Молчание.
Мороз был крепкий, с ветерком нам в лицо.
— Отвечайте! — снова крикнул Титлов. — Отвечайте, черт возьми, кто вы?!
— Пошто лаешь? — донеслось из-за торосов.
— А пошто молчите?
— Кто вы такие? — спросили из-за торосов.
— Ну уж это наглость, — пробурчал Патарушнн, человек весьма чувствительный к вопросам субординации и вежливости.
— Летчики! — ответил Титлов.
— Выходи один. Поговорим. Только чур без ружья!
Мы переглянулись.
— Можно? — спросил я у Титлова. Тот кивнул.

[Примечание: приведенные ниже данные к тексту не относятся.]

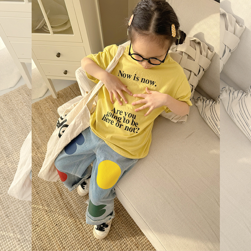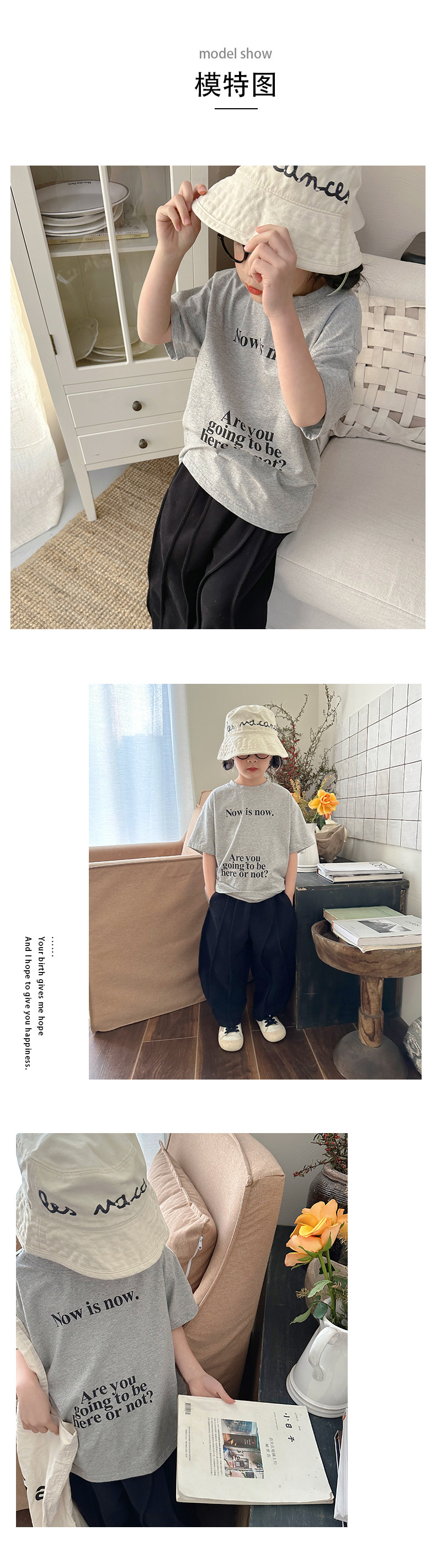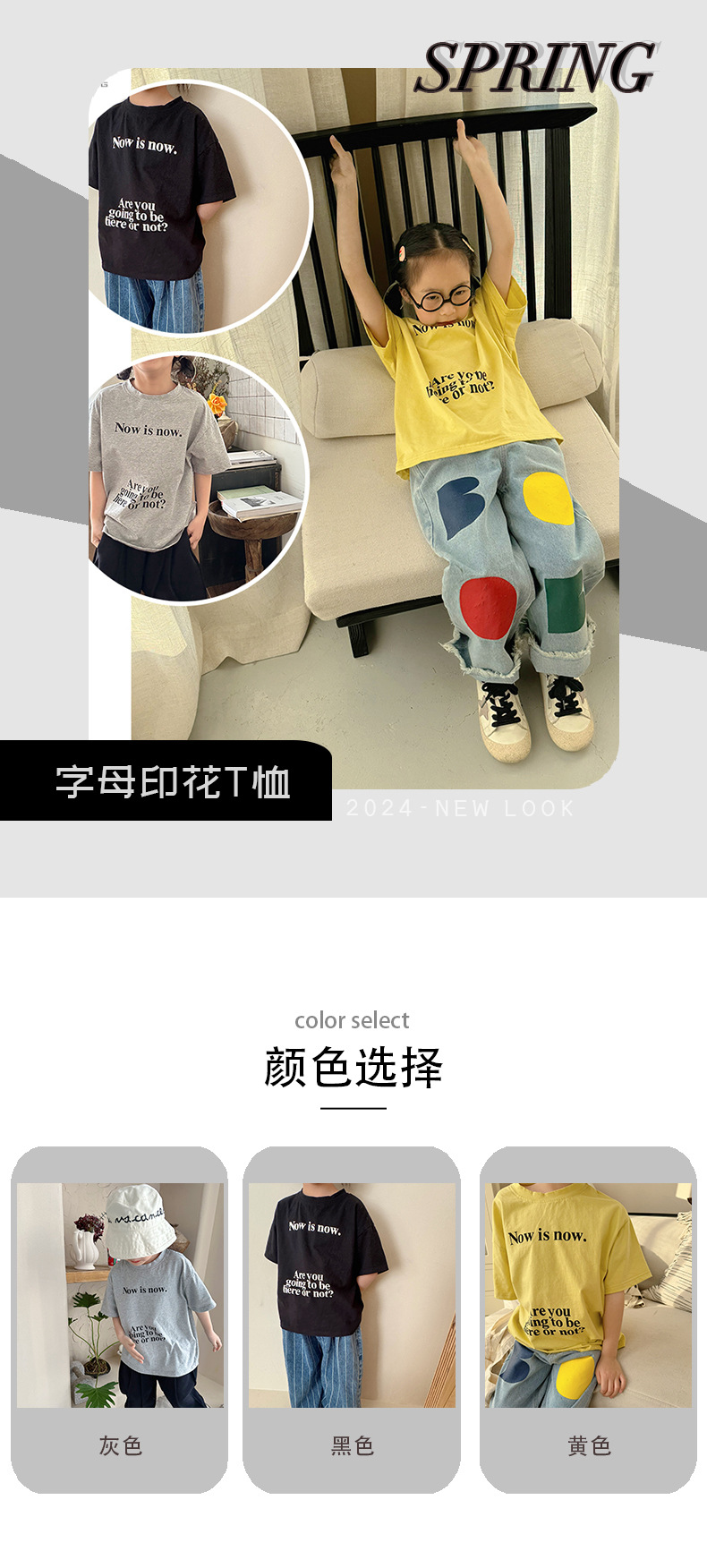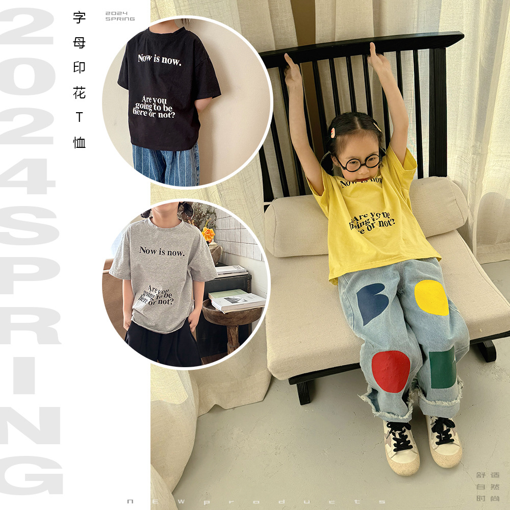 Zuo Xiaoran 2024 봄 한국식 어린이 편지 인쇄 티셔츠 패션 소년 소녀 짧은 소매 라운드 넥 티셔츠스토어 가기

Я поднялся. Когда прошел шагов десять, из-за торосов навстречу мне вышел невысокий русобородый мужчина. Я внимательно приглядывался к нему. Он двигался вразвалку, как ходят люди, привыкшие к тяжелому физическому труду, крепко ступая на ноги.
Сблизились.
Я увидел, что мужчина немолод. За пятьдесят ему перевалило давно. Глаза из-под лохматых бровей смотрели сурово и подозрительно. Шел он неторопливо, и мы встретились гораздо ближе к его лагерю, чем к моему.

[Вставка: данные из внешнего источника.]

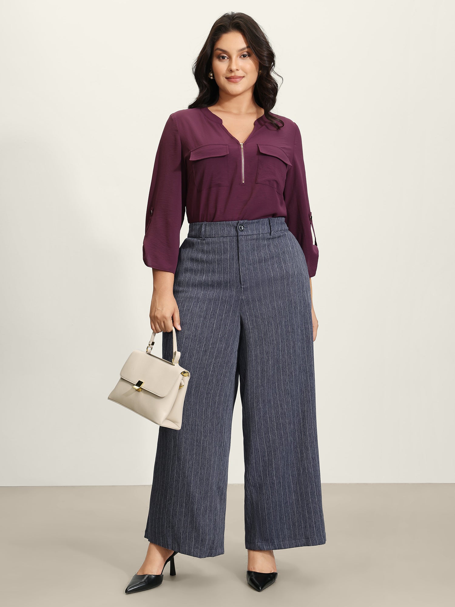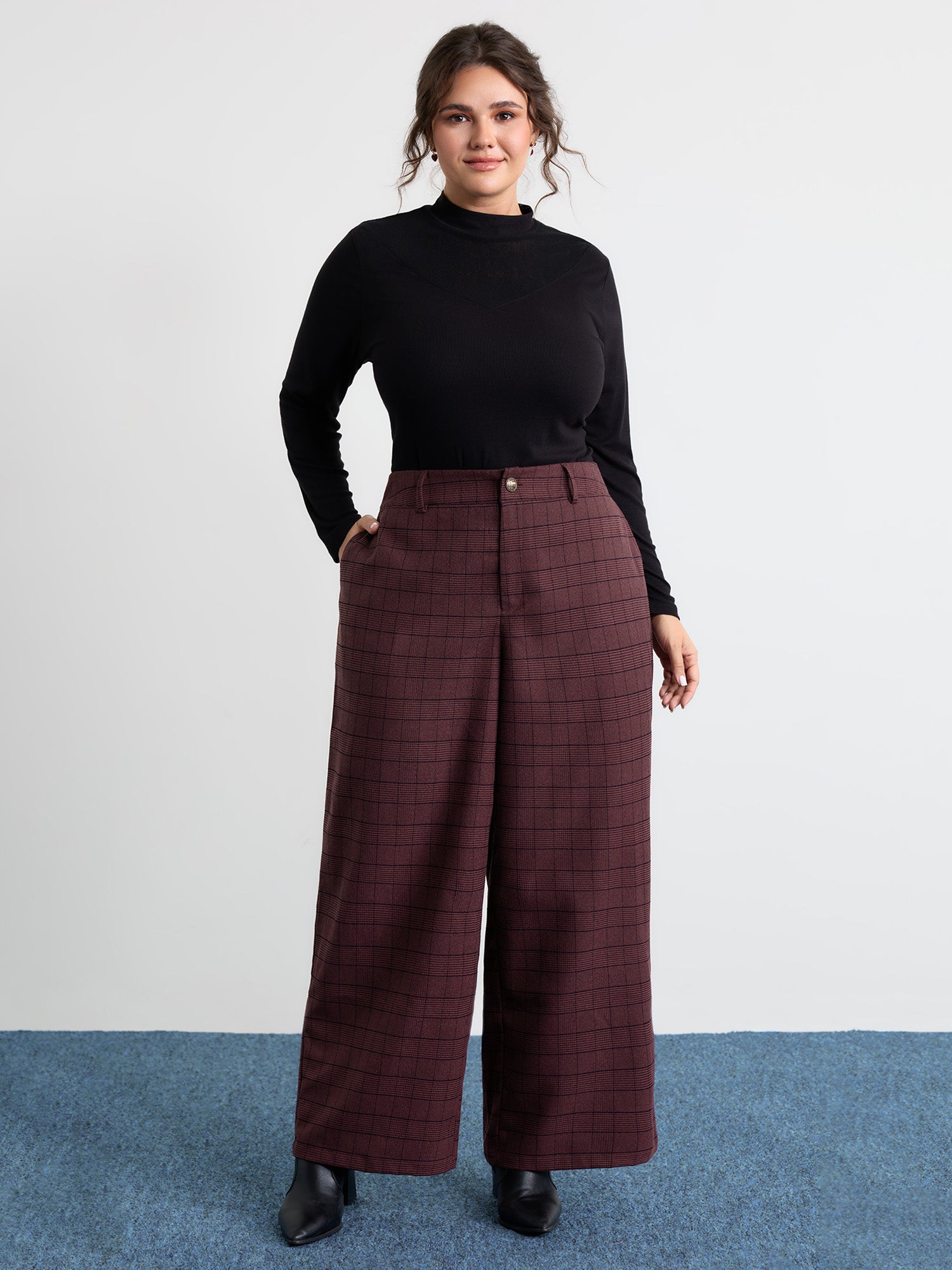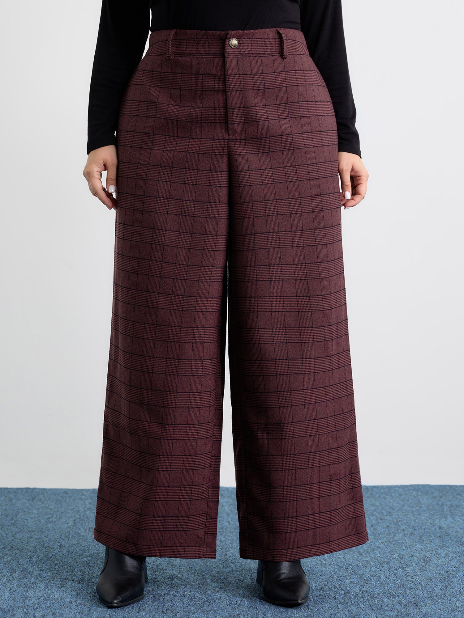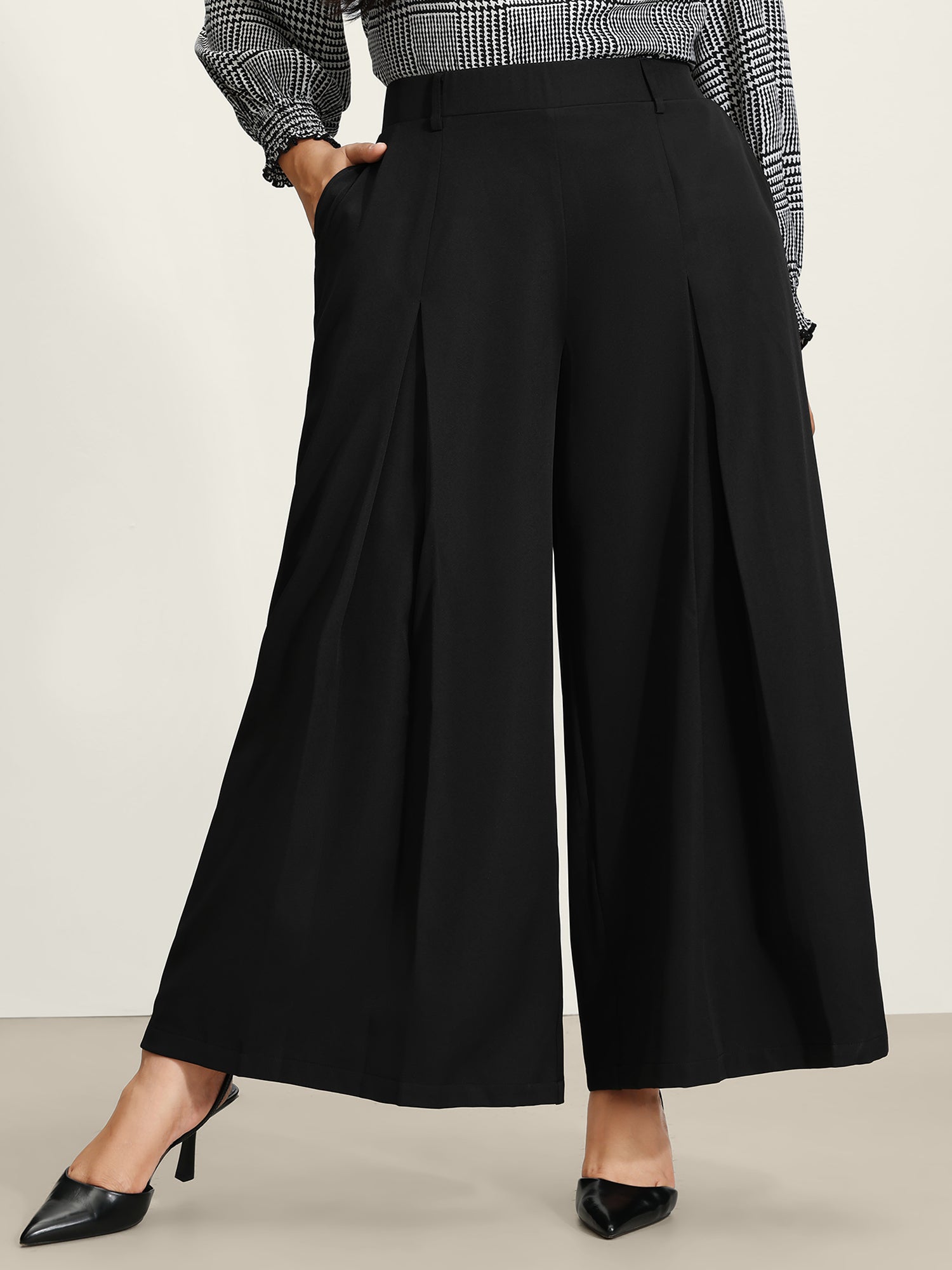 Plain Pleated Details Wide-Leg Pants

“Непрост мужичонка-то”, — подумал я.
Сошлись.
Не подавая руки, бородач сел на обломок льда.
Сел и я.
— Пошто идете за нами? — угрюмо спросил он.
— Вы-то как очутились здесь?
— Дорога заказана?
— Нет.
— Вот мы и идем.
— Да идите, пожалуйста. Мы помочь думали.
Я достал кисет, стал набивать трубку.
Старик опустил глаза и старался не смотреть на табак.
Я раскурил трубку.
Старик крутнул головой.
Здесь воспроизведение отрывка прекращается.